T262C polymorphism at the ERα locus, may represent another level of genetic modulation of estrogen responsiveness. However, it is unclear how the synonymous nucleotide change could influence the ERα function. One of the possibilities is that T262C polymorphism may affect an alternative translation initiation site. Generally the ATG codon with appropriate context nearest the 5’end of the mRNA serves as the initiation codon (116) and a polymorphism of nucleotide sequence around the initiation codon influences the surface levels of cell adhesion receptors (117). Occasional escape from this first-ATG rule occurs. The ERα T262C polymorphism is located 29 nucleotides downstream from the putative translation site in the vicinity of another ATG codon around which the context GCATC[T/C]GGGATGG may be appropriate for it to serve as another translation initiation site. So, T262C variants may influence the favorableness of its being an alternative start codon (115). More studies regarding this issue are needed.

In conclusion, none of ERα allelic variations could completely value the estrogen pharmacogenetics or heredity of complex trait estrogen dependent such as BMD. As suggest Haussler’s group data on VDR variants (62), only simultaneous analysis of all alleles (i.e. PvuII-XbaI RFLPs, T262C, (TA)_n repeats and others) present in ERα locus may offer an understanding of phenotypic heredity regarding the ERα function.

Conclusion

It is well recognized that different patient respond in different ways to the same medication. These differences are often greater among members of a population than they are within the same person at different times (or between monozygotic twins) (118). The existence of large population differences with small intrapatient variability is consistent with inheritance as determinant of drug response; it is estimated that genetics can account for 20 to 95% of variability in drug disposition and effects (119). Although many nongenetic factors influence the effects of medications, including age, organ function, concomitant therapy, drug interactions, and the nature of the disease, there are now numerous examples of cases in which interindividual differences in drug response are due to sequence variants in genes encoding drug-metabolizing enzymes, drug transporters or drug targets (120). Unlike other factors influencing drug response, inherited determinants generally remain stable throughout a person’s lifetime.
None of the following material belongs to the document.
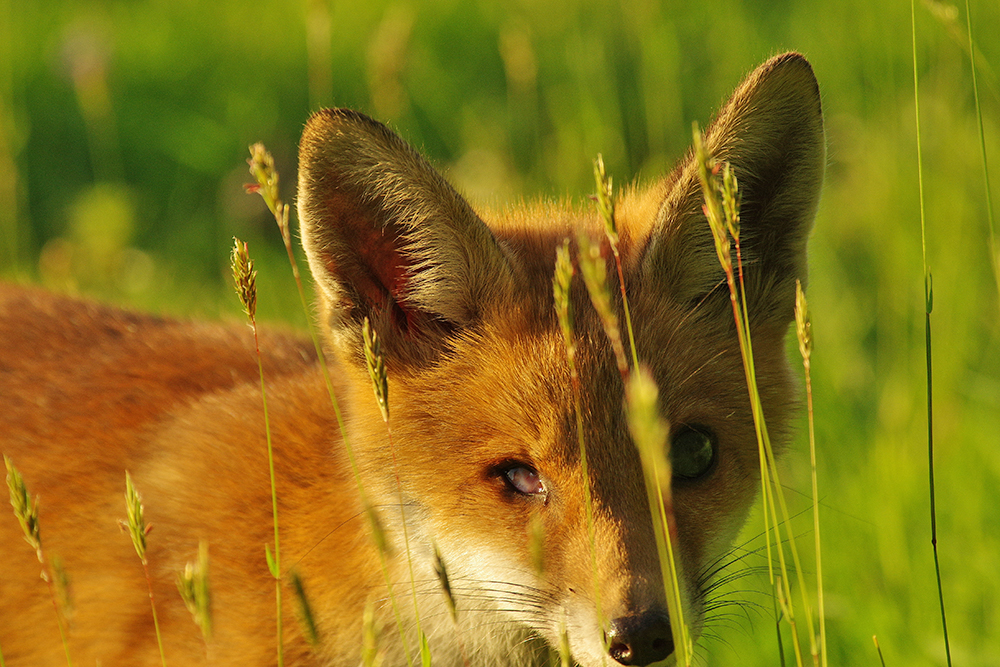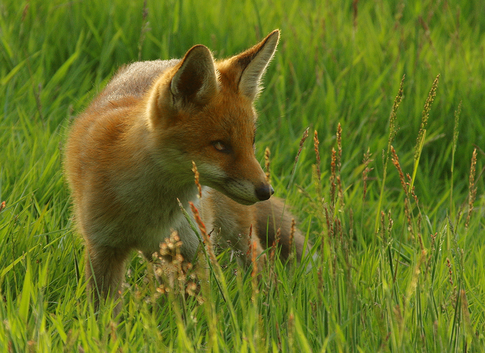 I had an enchanting encounter with a family of young foxes yesterday evening, just before sunset. I had seen a fox by my caravan hide the other day, as I quietly made my way there I could see a fox just sitting there in the sun, whats more, it didn't seem to be all that alert or wary and I walked ever closer to it. Then later on, my friend Dick told me that he had seen a vixen and cubs there recently so I thought I would go back with the camera and see if I could get a photo or two. Again, as I approached the gate I saw three cubs who were playing in the grass and oblivious to me but eventually they disappeared in to the cover of the woodland. It wasn't long before one came out again and continued to romp around in the long grass and amongst the wild flowers. It came ever closer and closer to me but was still 30 feet away from my position as I stood out in the open but very still. The wind was blowing in my direction so it probably couldn't scent me. I pursed my lips and made a few loud squeaks which really got the little fox interested and it started to approach me. I have seen my brother do this and knew it worked but I didn't have an idea that it would be so effective. I squeaked again and again and in the end it was literally no more than 6 feet from me, it just couldn't resist being inquisitive. and I could see why it hadn't seen me. One eye was damaged and instead of a bright sparkle there was a white sunken and bloody socket. The poor animal had lost an eye and this was why it was struggling with the concept of caution. I would suspect that with nature being kindest to the strong and fit, this young animal will soon meet its end sadly. How stupid is a fox that would approach a grown man's squeak? Later on I saw an adult fox and tried the squeak again. This time the wary, intelligent animal hastily made its way in to the undergrowth proving that if you want to live to adulthood and you are a fox you have to learn that its probably not a good idea to walk towards a strange sound.

Clinical observations of inherited differences in drug effects were first documented in the 1950s (121, 122), giving rise to the field of pharmacogenetics, and later pharmacogenomics. Although the two terms are synonymous for all practical purposes, pharmacogenomics uses genome-wide approaches to elucidate the inherited basis of differences between persons in the response to drugs.
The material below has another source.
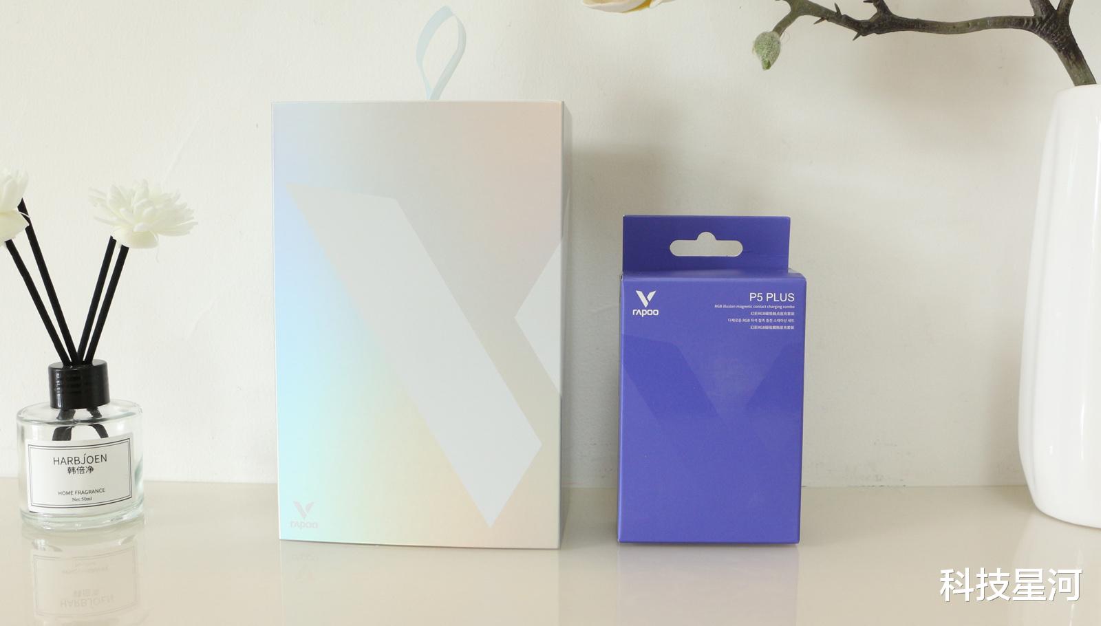 雷柏VT3焰影橙与P5 PLUS充电底座外包装整体设计简约大气,大大的雷柏V系列logo,又不失电竞氛围感。

The potential implication of pharmacogenomics in clinical research and clinical medicine is that disease could be treated according to genetic and specific individual markers, selecting medications and dosages that are optimized for individual patients (“the right drug into the right patient”). The possibility of defining patient populations genetically may improve outcomes by predicting individual responses to drugs, and could improve therapy safety and efficacy. This personalizing of medicines has been the holy grail of pharmacogenomics since sequencing the human genome was conceptualized. The application of genomic technologies, such as gene sequencing, statistical genetics and gene expression analysis to drug development, holds great promise for the future of medicine. Unfortunately, our ability to identify patients at risk for disease, stratify patients by clinical outcome and treatment response or predict adverse event occurrences is, in reality, several years away.